Re: [PATCH RFC bpf-next 0/6] bpf: introduce cgroup-bpf bind, connect, post-bind hooks

2018-03-14 Thread महेश बंडेवार
On Tue, Mar 13, 2018 at 8:39 PM, Alexei Starovoitov  wrote:
> For our container management we've been using complicated and fragile setup
> consisting of LD_PRELOAD wrapper intercepting bind and connect calls from
> all containerized applications.
> The setup involves per-container IPs, policy, etc, so traditional
> network-only solutions that involve VRFs, netns, acls are not applicable.
You can keep the policies per cgroup but move the ip from cgroup to
net-ns and then none of these ebpf hacks are required since cgroup and
namespaces are orthogonal you can use cgroups in conjunction with
namespaces.

> Changing apps is not possible and LD_PRELOAD doesn't work
> for apps that don't use glibc like java and golang.
> BPF+cgroup looks to be the best solution for this problem.
> Hence we introduce 3 hooks:
> - at entry into sys_bind and sys_connect
>   to let bpf prog look and modify 'struct sockaddr' provided
>   by user space and fail bind/connect when appropriate
> - post sys_bind after port is allocated
>
> The approach works great and has zero overhead for anyone who doesn't
> use it and very low overhead when deployed.
>
> The main question for Daniel and Dave is what approach to take
> with prog types...
>
> In this patch set we introduce 6 new program types to make user
> experience easier:
>   BPF_PROG_TYPE_CGROUP_INET4_BIND,
>   BPF_PROG_TYPE_CGROUP_INET6_BIND,
>   BPF_PROG_TYPE_CGROUP_INET4_CONNECT,
>   BPF_PROG_TYPE_CGROUP_INET6_CONNECT,
>   BPF_PROG_TYPE_CGROUP_INET4_POST_BIND,
>   BPF_PROG_TYPE_CGROUP_INET6_POST_BIND,
>
> since v4 programs should not be using 'struct bpf_sock_addr'->user_ip6 fields
> and different prog type for v4 and v6 helps verifier reject such access
> at load time.
> Similarly bind vs connect are two different prog types too,
> since only sys_connect programs can call new bpf_bind() helper.
>
> This approach is very different from tcp-bpf where single
> 'struct bpf_sock_ops' and single prog type is used for different hooks.
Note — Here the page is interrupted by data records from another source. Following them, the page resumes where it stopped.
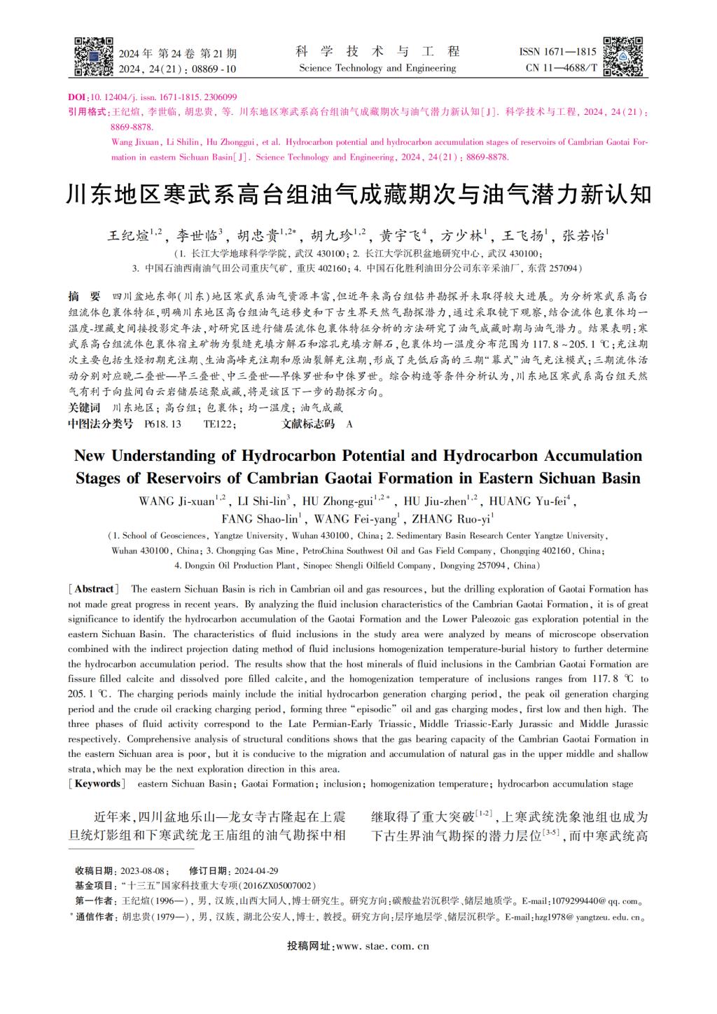VSport20级硕士研究生王纪煊在期刊《科学技术与工程》上发表题为“川东地区寒武系高台组油气成藏期次与油气潜力新认知”的研究论文。VSport为论文第一署名单位,硕士研究生王纪煊为论文第一作者,其导师胡忠贵教授为该文通讯作者,本项研究得到“十三五”国家科技重大专项资助。
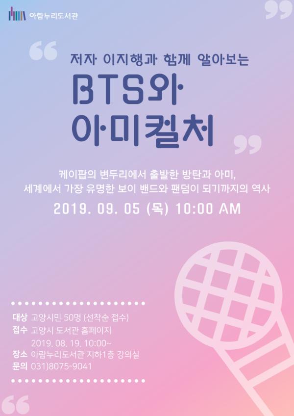 예술 특성화 도서관인 고양시립 아람누리도서관은 오는 9월 5일 오전 10시부터 문화체육관광부가 주최하고, 한국도서관협회가 주관하는 예술특화프로그램 ‘BTS와 아미컬처’에 대한 강연을 개최한다.
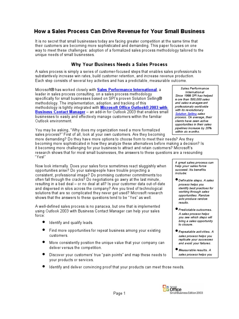 It is no secret that small businesses today are facing greater competition at the same time that their customers are becoming more sophisticated and demanding. This paper focuses on one way to meet these challenges: adoption of a formalized sales process methodology tailored to the unique needs of small businesses.
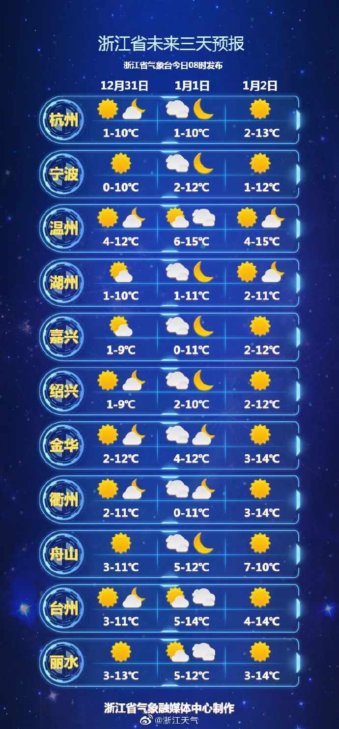 元旦假期浙江天气如何?
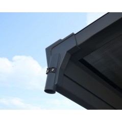 Der Vitoria 3 x 5 bietet eine elegante, langlebige und vielseitige Lösung für das ganze Jahr. Schützt das Fahrzeug vor schlechtem Wetter, schafft einen Sitzbereich oder einen angenehmen schattigen Bereich für Partys. Über 2,9 Meter Breite und 2,4 Meter Höhe bieten ausreichend Platz zum Abstellen Ihres Fahrzeugs. Inklusive Regenrinne, praktisch unzerstörbaren grau lackierten Doppeldachplatten aus Polycarbonat, grau pulverbeschichtetem Aluminiumrahmen und verzinkten Stahlverbindern.
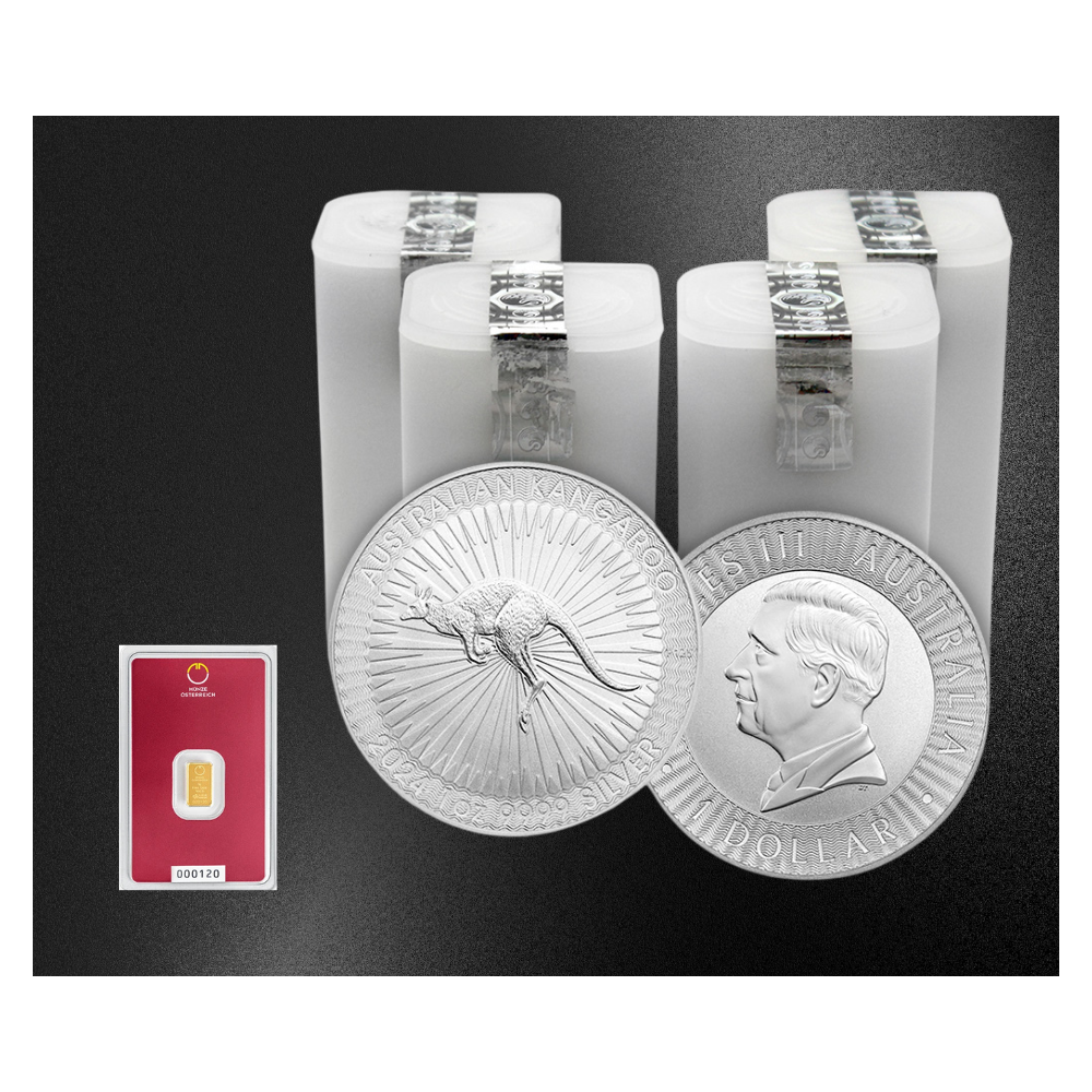 W zestawie: 4 x zapieczętowana tuba Kangaroo + 1g sztabka złota w prezencie (Münze Österreich, Argor-Heraeus, Valcambi, Germania)
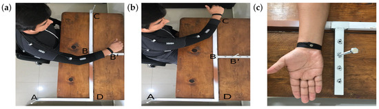 Calibration frame top view. (a) Shows arm pose at the point B of the frame to estimate the length of the arm and forearm with a known distance . (b) Gesture performed for redundant calculation towards point C. (c) It shows the bracelet tight and a magnet to guarantee the same pose of the wrist with the pin on the frame.
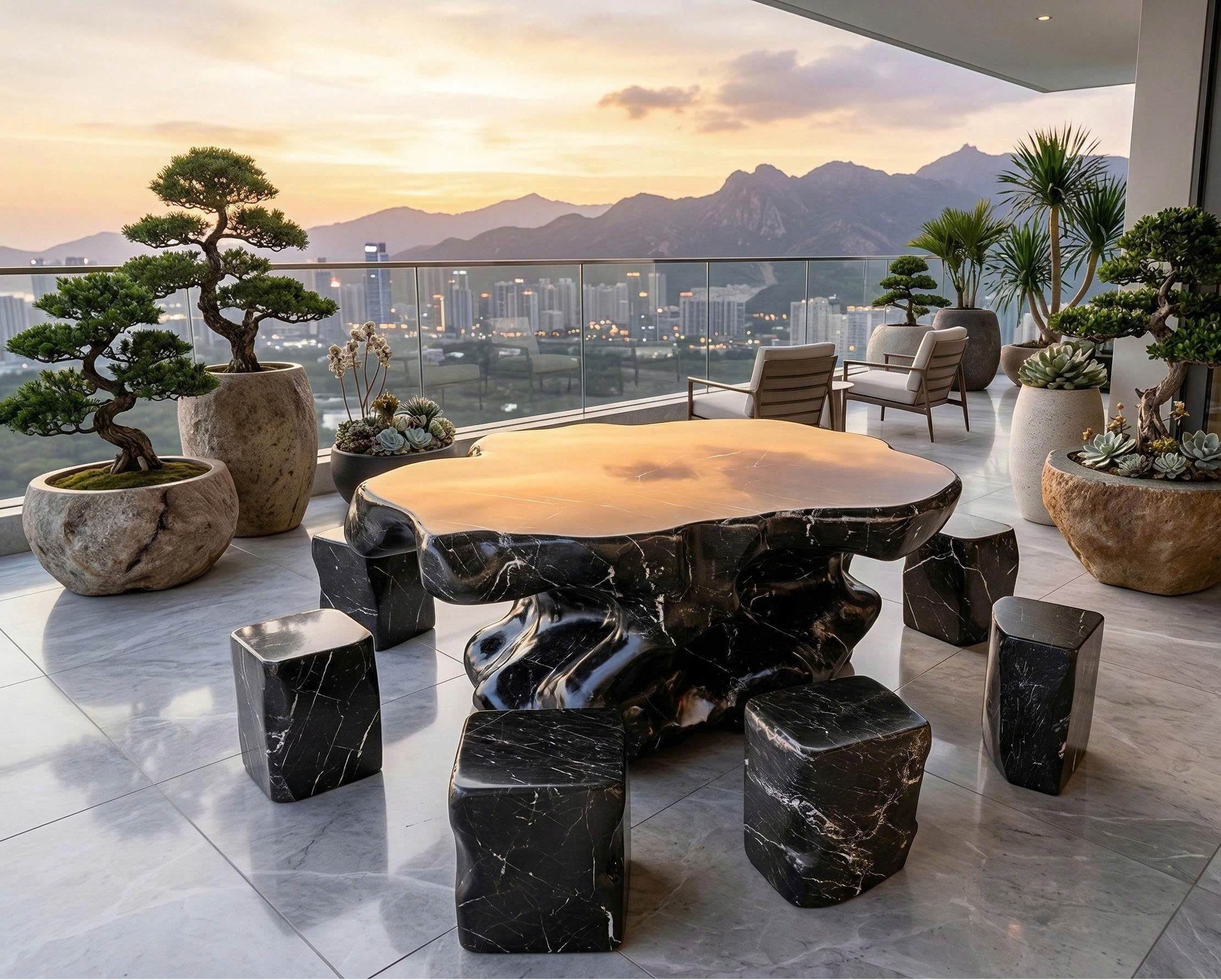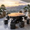 • Bộ bàn ghế đá trong hình mang phong cách nguyên khối tự nhiên, mặt bàn dạng phiến đá lớn với các đôn đá nhỏ xung quanh. Khi trưng bày một bộ bàn ghế như vậy trong sân vườn, ban công hoặc khu nghỉ dưỡng, nó thường mang nhiều ý nghĩa về thẩm mỹ, phong thủy và giá trị sống
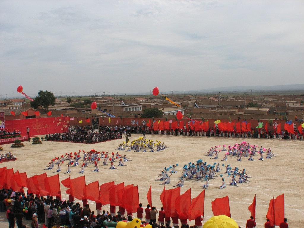 随着音乐的变换,我们手拿四种颜色的四队要变换成四朵鲜花,并要显示开、合的动作。花朵共分三层,为了能显示出层次感,最外面一层要坐在地,第二层半蹲在地,最里面一层(花心)站立起来,我们一层一层做着各自的动作,但要注意和整个花朵的配合,也要注意和四朵花的配合,这样看起来就好了。我是四朵花中粉色花朵中的一员,很荣幸呀。

> The field checks are done at run-time instead of load time.
>
> I think the approach taken by this patch set is justified,
> but we may do better if we extend BPF_PROG_ATTACH cmd
> with log_buf + log_size, then we should be able to combine
> bind+connect+v4+v6 into single program type.
> The idea that at load time the verifier will remember a bitmask
> of fields in bpf_sock_addr used by the program and helpers
> that program used, then at attach time we can check that
> hook is compatible with features used by the program and
> report human readable error message back via log_buf.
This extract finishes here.